START The data
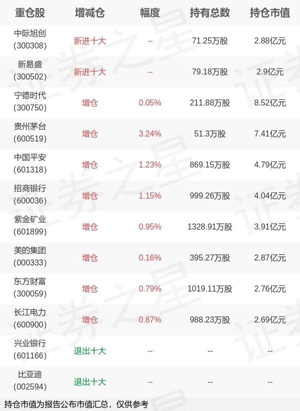 本站消息,10月28日国泰基金旗下黄岳管理的国泰中证A500交易型开放式指数基金公布三季报,近1年净值增长率24.04%。与上一季度相比,该基金前十大重仓股新增中际旭创,新易盛;并对宁德时代增仓0.11万股,为该基金第一大重仓股;兴业银行简配资,比亚迪等退出前十大重仓股;详细数据如下:
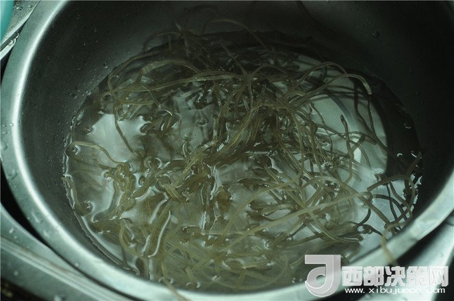 2.紅薯粉放入開水中泡發(fā)十分鐘左右,當紅薯粉絲變軟后撈出來瀝干水
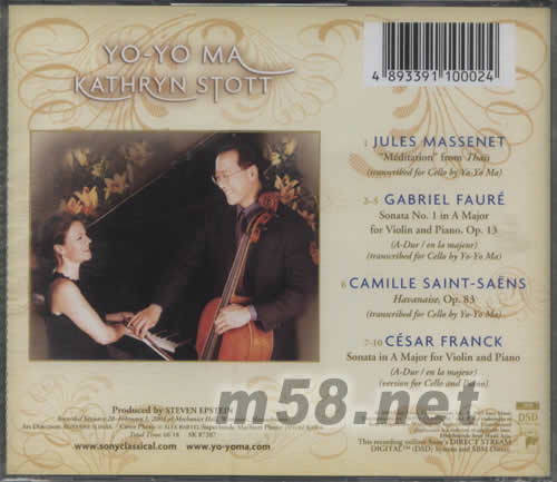 1 JULES MASSENET “meditation”from thais (tramscribed for cello by yo-yo ma) 2-5 gabriel faure sonata no.1 in a major for violin and piano,op.13 a-dur l en la majeur) transcribed for cello by yo-yo ma ) 6.camille saint-saens havanaise,op.83 (transcribed for cello by yo-yo ma) 7-10 cesar franck sonata in a major for violin and piano (a-duri en la majeur) (version for cello and piano)
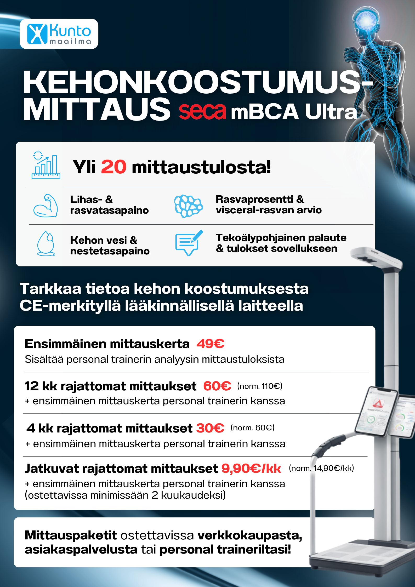 - 4kk rajattomat mittaukset 30€ ( + ensimmäinen mittaus personal trainerin kanssa)
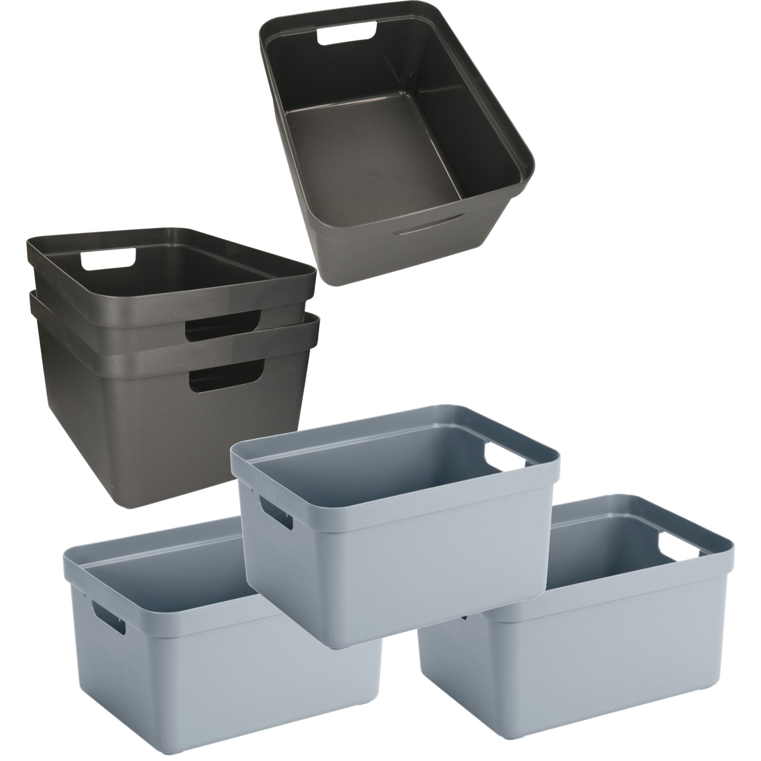 Set van 6x stuks donkergrijs/blauwgrijze opbergboxen/opbergmanden combinatie van 45,3 x 35,4 x 24,3 cm van kunststof. Van beide kleuren 3x. Van Trendoz plastics met inhoud 32 liter. Door het moderne design en de luxe uitstraling van de boxen kun je deze opbergboxen/opbergdozen prima in de woonkamer of slaapkamer plaatsen. Deze box is bijvoorbeeld geschikt voor het opbergen van rondslingerend speelgoed, kleding of het opbergen van gereedschap. Ook ideaal voor in de badkamer of in de voorraadkast. De mand heeft handgrepen waardoor je ze gemakkelijk kunt dragen. , Dit artikel bestaat uit:, 3x Sunware opbergbox Sigma – kunststof – 32 liter – antraciet – opberg dozen/bakken, 3x Sunware opbergbox Sigma – kunststof – 32 liter – blauw/grijs – opberg dozen/bakken
END The data
### Work request
Given the records above, return the lines starting at the one that holds "1 JULES MASSENET" and ending at the one that holds "- 4kk rajattomat", exactly, and nothing besides; leave every picture out.

### Task result
 1 JULES MASSENET “meditation”from thais (tramscribed for cello by yo-yo ma) 2-5 gabriel faure sonata no.1 in a major for violin and piano,op.13 a-dur l en la majeur) transcribed for cello by yo-yo ma ) 6.camille saint-saens havanaise,op.83 (transcribed for cello by yo-yo ma) 7-10 cesar franck sonata in a major for violin and piano (a-duri en la majeur) (version for cello and piano)
 - 4kk rajattomat mittaukset 30€ ( + ensimmäinen mittaus personal trainerin kanssa)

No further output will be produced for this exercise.